» Task statement: Return every line from the one with "内饰设计的简单。面包车嘛设计" through the one with "Ngân hàng Nhà", inclusive, exactly as it appears below.

» Exercise materials:

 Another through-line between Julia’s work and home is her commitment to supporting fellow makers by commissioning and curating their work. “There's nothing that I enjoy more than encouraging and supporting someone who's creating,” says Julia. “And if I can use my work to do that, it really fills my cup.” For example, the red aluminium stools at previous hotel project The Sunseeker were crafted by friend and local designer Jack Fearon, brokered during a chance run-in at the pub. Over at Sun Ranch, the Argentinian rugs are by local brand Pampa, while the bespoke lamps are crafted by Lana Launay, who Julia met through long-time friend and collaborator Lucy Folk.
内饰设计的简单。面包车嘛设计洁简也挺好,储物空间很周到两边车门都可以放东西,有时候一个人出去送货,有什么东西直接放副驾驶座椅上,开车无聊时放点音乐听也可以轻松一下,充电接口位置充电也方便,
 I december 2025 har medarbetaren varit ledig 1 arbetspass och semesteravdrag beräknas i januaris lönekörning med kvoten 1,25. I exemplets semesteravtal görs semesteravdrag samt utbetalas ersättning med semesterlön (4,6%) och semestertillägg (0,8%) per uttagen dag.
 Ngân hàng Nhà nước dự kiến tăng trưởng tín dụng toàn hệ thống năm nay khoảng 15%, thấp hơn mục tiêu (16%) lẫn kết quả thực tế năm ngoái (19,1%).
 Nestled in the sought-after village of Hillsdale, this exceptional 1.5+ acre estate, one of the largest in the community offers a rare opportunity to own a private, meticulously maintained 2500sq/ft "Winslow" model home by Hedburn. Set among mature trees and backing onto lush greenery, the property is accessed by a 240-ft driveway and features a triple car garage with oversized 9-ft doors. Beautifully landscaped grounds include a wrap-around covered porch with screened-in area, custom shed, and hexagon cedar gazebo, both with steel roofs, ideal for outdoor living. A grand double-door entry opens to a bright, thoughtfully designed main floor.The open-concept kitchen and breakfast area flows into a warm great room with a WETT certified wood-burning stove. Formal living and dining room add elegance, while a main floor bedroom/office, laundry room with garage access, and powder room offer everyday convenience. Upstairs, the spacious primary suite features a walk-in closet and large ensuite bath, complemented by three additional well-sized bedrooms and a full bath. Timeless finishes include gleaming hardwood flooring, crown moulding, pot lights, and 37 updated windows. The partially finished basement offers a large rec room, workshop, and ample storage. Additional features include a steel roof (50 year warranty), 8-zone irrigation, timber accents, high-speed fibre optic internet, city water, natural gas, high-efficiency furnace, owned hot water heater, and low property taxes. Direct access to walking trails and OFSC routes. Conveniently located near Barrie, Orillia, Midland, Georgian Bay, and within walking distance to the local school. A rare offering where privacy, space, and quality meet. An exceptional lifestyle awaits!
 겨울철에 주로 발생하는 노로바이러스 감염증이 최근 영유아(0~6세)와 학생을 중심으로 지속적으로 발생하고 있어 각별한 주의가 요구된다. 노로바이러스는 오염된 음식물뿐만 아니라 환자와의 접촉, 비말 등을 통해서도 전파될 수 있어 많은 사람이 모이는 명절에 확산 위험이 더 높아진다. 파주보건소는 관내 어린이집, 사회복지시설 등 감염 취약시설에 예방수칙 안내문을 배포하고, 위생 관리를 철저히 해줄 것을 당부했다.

» Result of this exercise:
内饰设计的简单。面包车嘛设计洁简也挺好,储物空间很周到两边车门都可以放东西,有时候一个人出去送货,有什么东西直接放副驾驶座椅上,开车无聊时放点音乐听也可以轻松一下,充电接口位置充电也方便,
 I december 2025 har medarbetaren varit ledig 1 arbetspass och semesteravdrag beräknas i januaris lönekörning med kvoten 1,25. I exemplets semesteravtal görs semesteravdrag samt utbetalas ersättning med semesterlön (4,6%) och semestertillägg (0,8%) per uttagen dag.
 Ngân hàng Nhà nước dự kiến tăng trưởng tín dụng toàn hệ thống năm nay khoảng 15%, thấp hơn mục tiêu (16%) lẫn kết quả thực tế năm ngoái (19,1%).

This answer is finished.